Taking generative AI (gen AI) from experimentation to enterprise deployment is never one-size-fits-all. Healthcare, finance, manufacturing, and retail each have their own vocabularies, data quirks, and compliance challenges. These complexities can’t be addressed with generic workflows because real, business-critical deployments demand depth, control, and precision.
Red Hat AI offers a model customization experience that builds on the success of InstructLab, evolving it into a modular architecture powered by Python libraries created by Red Hat. This approach preserves InstructLab’s core strengths—its open, extensible pipeline for fine-tuning and instruction-following—while enabling greater flexibility and scalability for enterprise environments.
With this foundation, AI experts and ML practitioners can adapt methods, orchestrate pipelines, and scale model training without losing the agility to evolve as techniques improve. The result is a more sophisticated path to enterprise-grade model customization—one that delivers adaptability and control without sacrificing speed.
At the heart of this evolution are 3 core components that enable experts to fine-tune models and integrate them effectively with retrieval-augmented generation (RAG).
- Docling for data processing
- SDG hub for synthetic data generation (SDG)
- Training hub for fine-tuning and continual learning
Since these components are modular, you can use them independently or connect them end-to-end. We will also provide more supported notebooks and AI/data science pipelines that teach you the technology as well as how to adapt it to your use case, your data, your model, and run it reliably by combining data processing, synthetic data generation, and fine-tuning techniques.
Docling: Document intelligence
Docling is our supported solution for data processing. It’s the number one open source repository for document intelligence. Docling allows you to preprocess and structure your enterprise documents with confidence—whether it’s PDFs, HTML, Markdown, or Office files.
And it’s not just about local experimentation. With Red Hat’s supported build, Docling integrates directly into Kubeflow Pipelines, so you can process documents at scale—powering applications like information extraction, RAG pipelines, and compliance workflows.
SDG hub: Collection of high quality synthetic data pipelines
SDG hub is a modular framework for building and orchestrating high-quality synthetic data pipelines for model training. It provides a growing collection of validated, out-of-the-box pipelines designed to accelerate data generation and fine-tuning workflows.
With SDG hub, you can:
- Leverage validated pipelines for immediate use in model training.
- Mix and match both large language model (LLM)-powered and traditional components to compose flexible data flows.
- Orchestrate everything from simple transforms to complex multistage pipelines with minimal code.
- Extend and customize—create your own blocks and plug them into existing flows effortlessly.
Built for transparency and modularity, SDG hub makes sure that every synthetic data pipeline is production-ready, reusable, and easily auditable.

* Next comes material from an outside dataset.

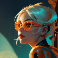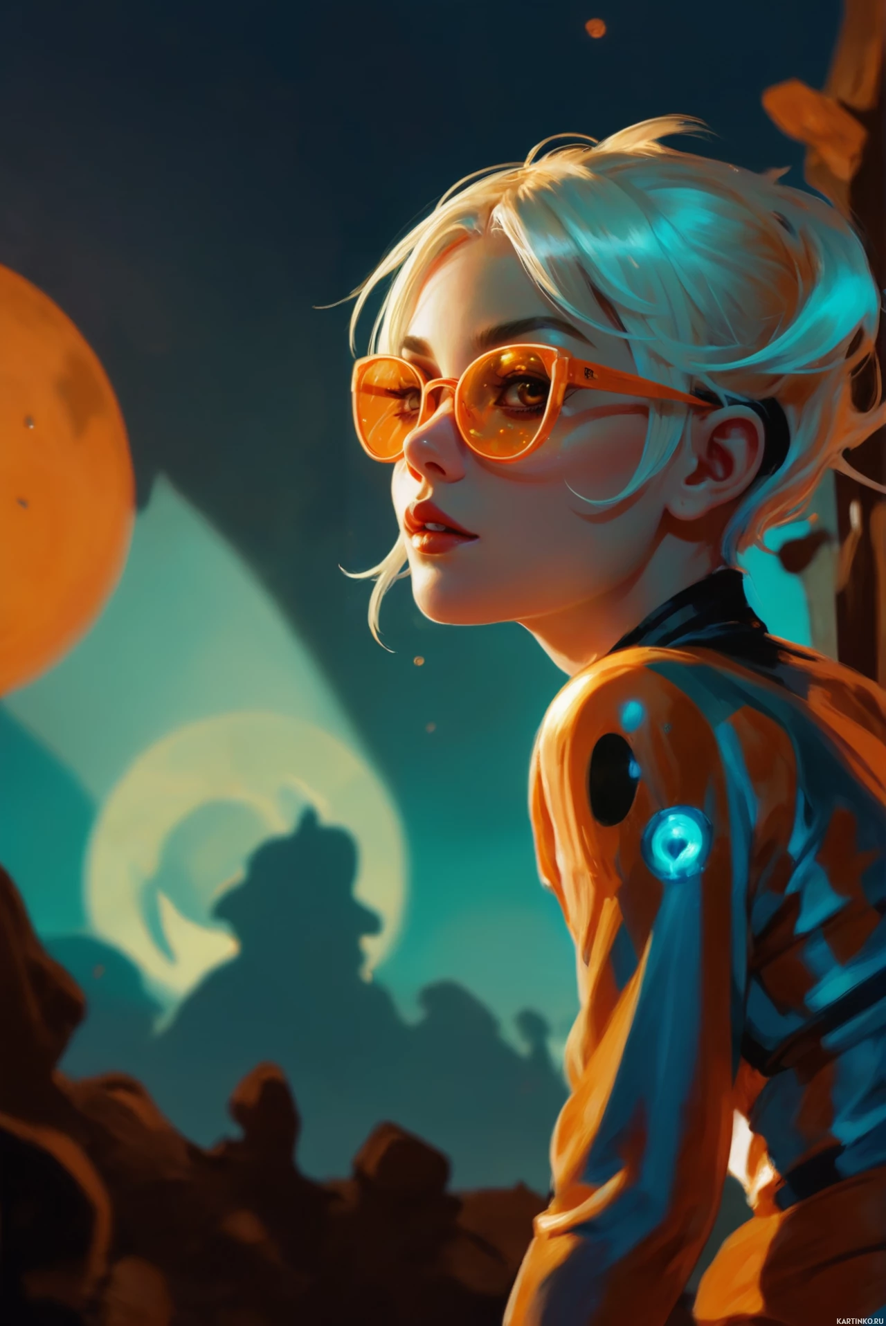 На картинке изображена женщина с белыми волосами и очками. На ней оранжевый скафандр, выполненный в стиле, характерном для экипировки космонавтов, возможно, из научно-фантастического произведения. Поза женщины намекает на то, что она может быть героиней такой истории.

Its maintained library of validated pipelines continues to grow, empowering teams to accelerate experimentation while maintaining consistency and quality across use cases.
Training hub: Simplifying model training and adaptation in one place
The training hub offers a consistent and reliable interface for accessing the latest training algorithms. It's a semantic layer with a stable API that remains consistent even after an algorithm is adopted by broader upstream communities. This allows you to leverage new research early while maintaining a consistent experience.
With the Red Hat AI 3 release, the training hub will support a range of powerful training methods, including:
- Supervised fine-tuning (SFT) from
instructlab.training - Orthogonal subspace learning for LLMs, a new continual-learning post-training algorithm that solves the problem of catastrophic forgetting in LLMs
- Full compatibility with LAB’s multiphase pipeline
- Integration with the latest open source models like GPT-OSS, for both SFT and continual learning
The training hub algorithms are being integrated with Kubeflow SDK and Kubeflow Trainer allowing to scale training algorithms into distributed production grade runs on Red Hat OpenShift AI.
The path from experiment to enterprise deployment
To make this journey even easier, Red Hat AI provides guided examples that guide customers through the full workflow—using Docling for enterprise document intelligence, SDG hub for generating high-quality synthetic training datasets, and training hub for fine-tuning models on that data.
These guided examples are developed by an open source community, but enterprises can run them in a fully supported way on OpenShift AI using our validated builds of these libraries.
From a UX perspective, the experimentation flow starts with trying custom notebooks and scripts in a workbench. Once the data scientist is satisfied with the initial experimentation, the model customization workflow is moved to enterprise deployment, taking advantage of distributed workloads across the cluster using multiple nodes (KubeFlow Trainer) and distributed steps on orchestrated workflows (KubeFlow Pipeline), while reusing pipeline components/features for each step—making it simple to scale from prototype to production.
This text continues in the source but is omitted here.